Data block:
-=-=-

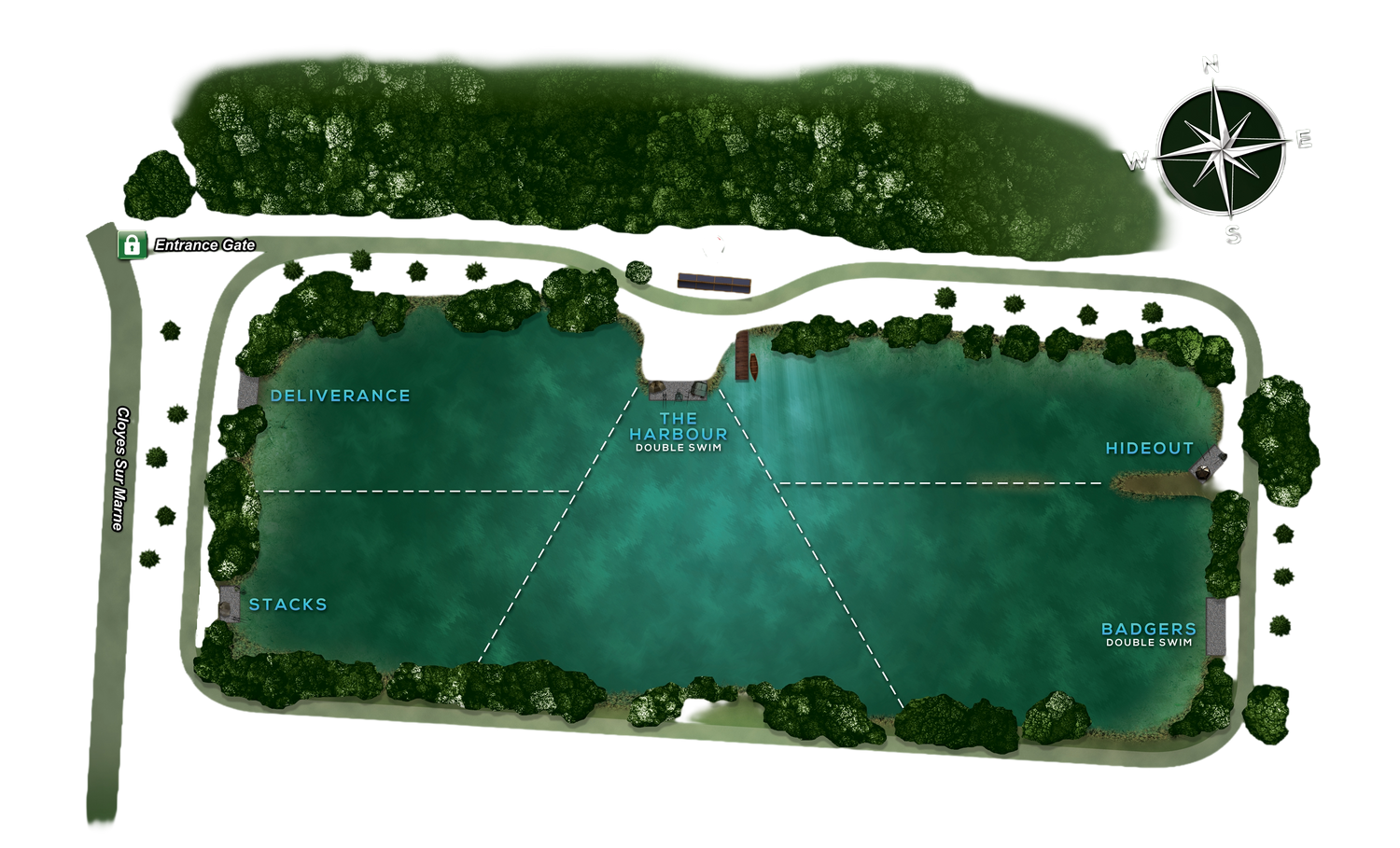 Our swims are designed with you in mind with the exception of Hideout, they boast 35sqm and are big enough to accommodate even the largest of Bivvy's with plenty of room spare! Each swim commanding a large amount of margin with over hanging canopies.
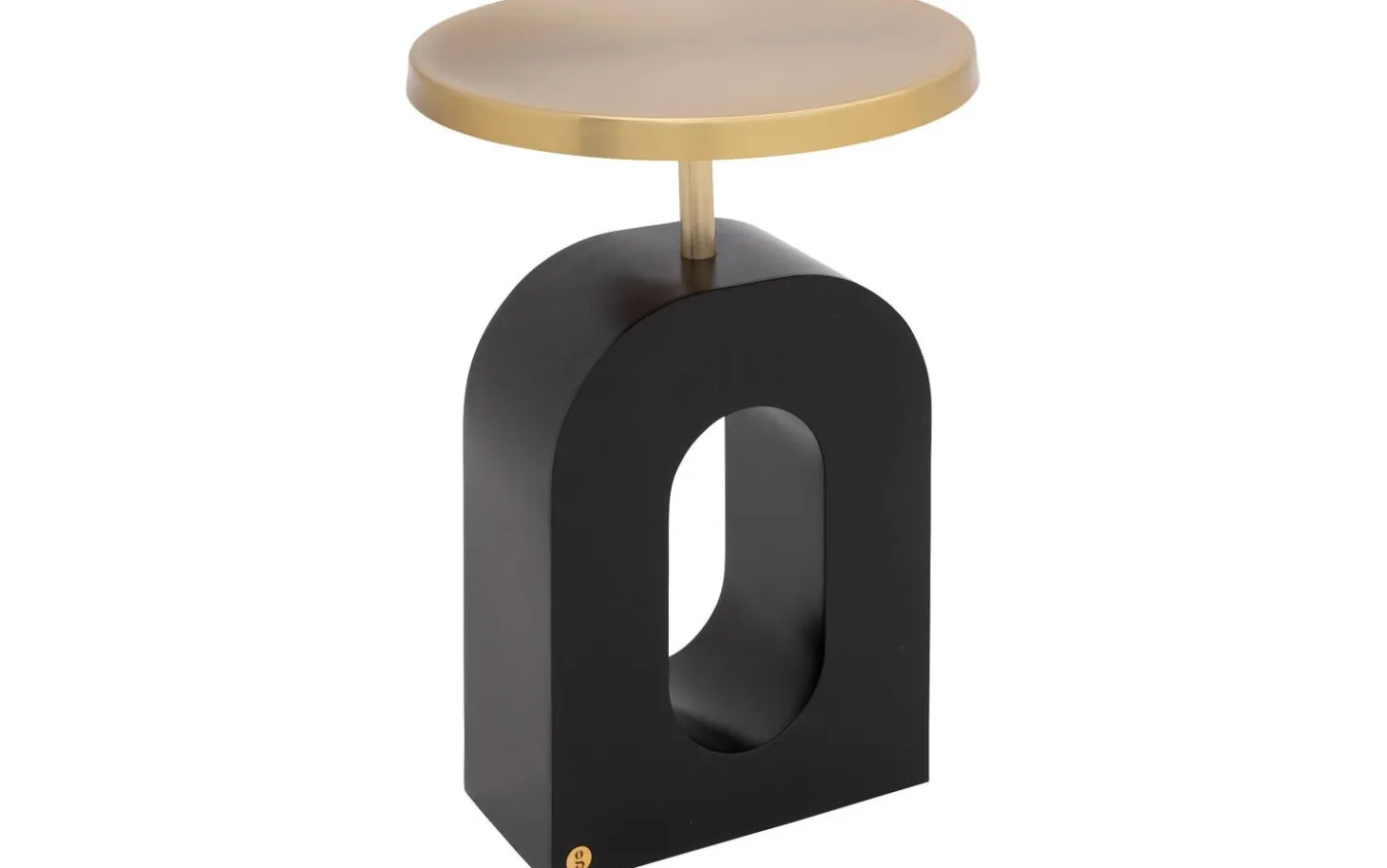 Beistelltisch Albin hat eine runde Form mit raffinierten Kurven im Fuß, die für einen trendigen, modernen Look sorgen. Der Kontrast zwischen der goldfarbenen Platte und dem schwarzen Untergestell verleiht Charakter und passt sowohl in moderne als auch in organische Einrichtungen.
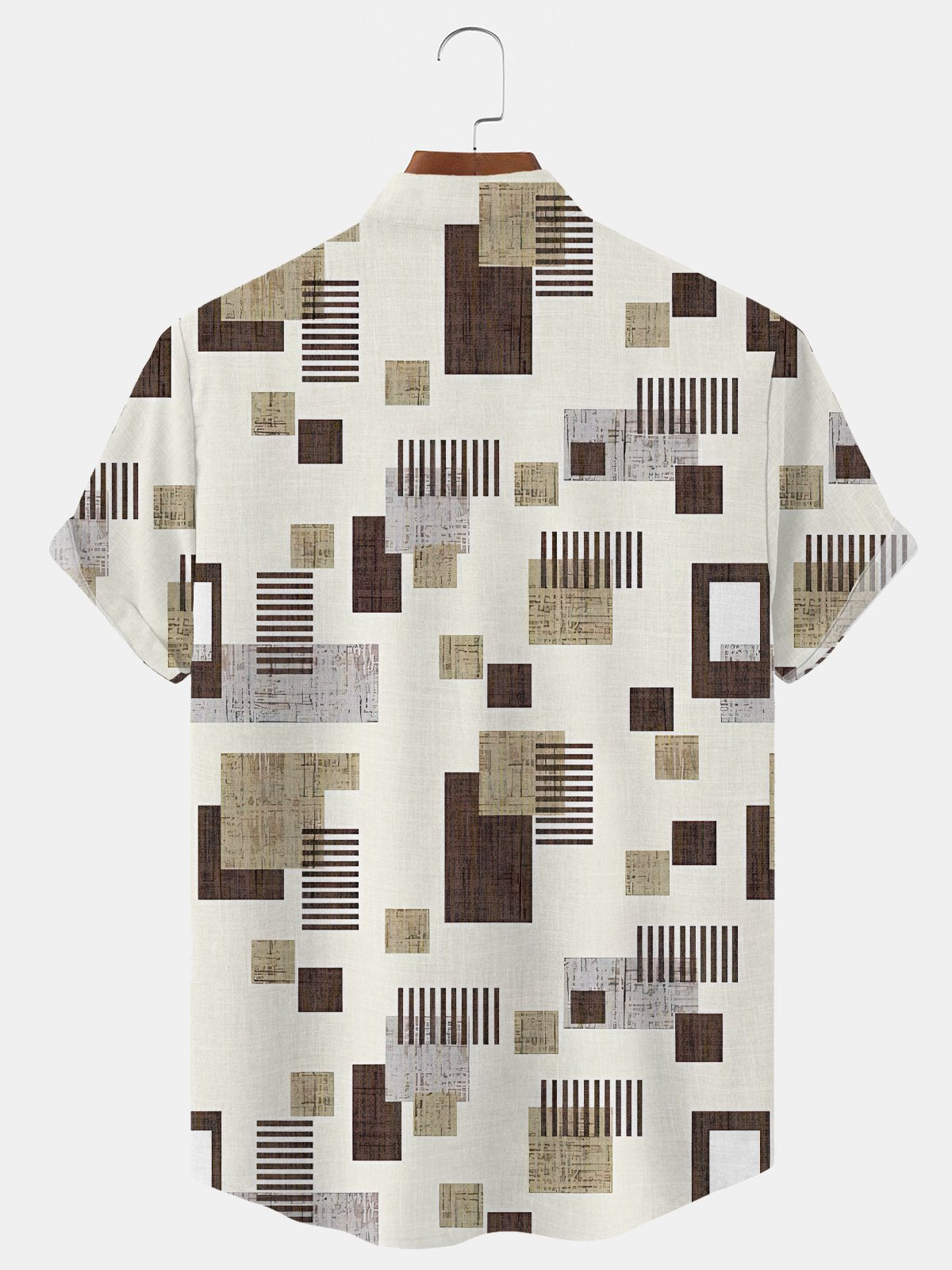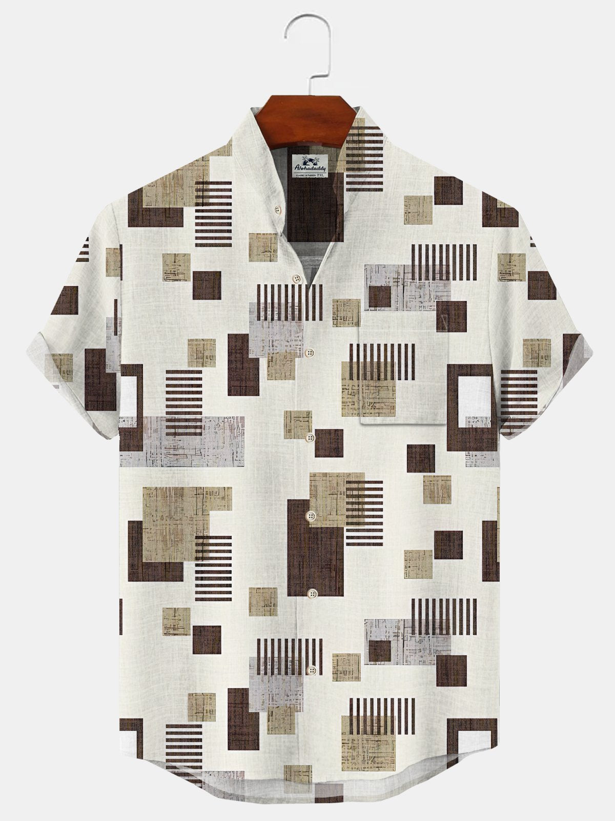 Alohadaddy Geometric Button Pocket Casual Short Sleeve Stand Collar Shirt

-=-=-

Required work: Repeat the whole listing above word for word. Leave out the pictures.

Solution for this problem:
 Our swims are designed with you in mind with the exception of Hideout, they boast 35sqm and are big enough to accommodate even the largest of Bivvy's with plenty of room spare! Each swim commanding a large amount of margin with over hanging canopies.
 Beistelltisch Albin hat eine runde Form mit raffinierten Kurven im Fuß, die für einen trendigen, modernen Look sorgen. Der Kontrast zwischen der goldfarbenen Platte und dem schwarzen Untergestell verleiht Charakter und passt sowohl in moderne als auch in organische Einrichtungen.
 Alohadaddy Geometric Button Pocket Casual Short Sleeve Stand Collar Shirt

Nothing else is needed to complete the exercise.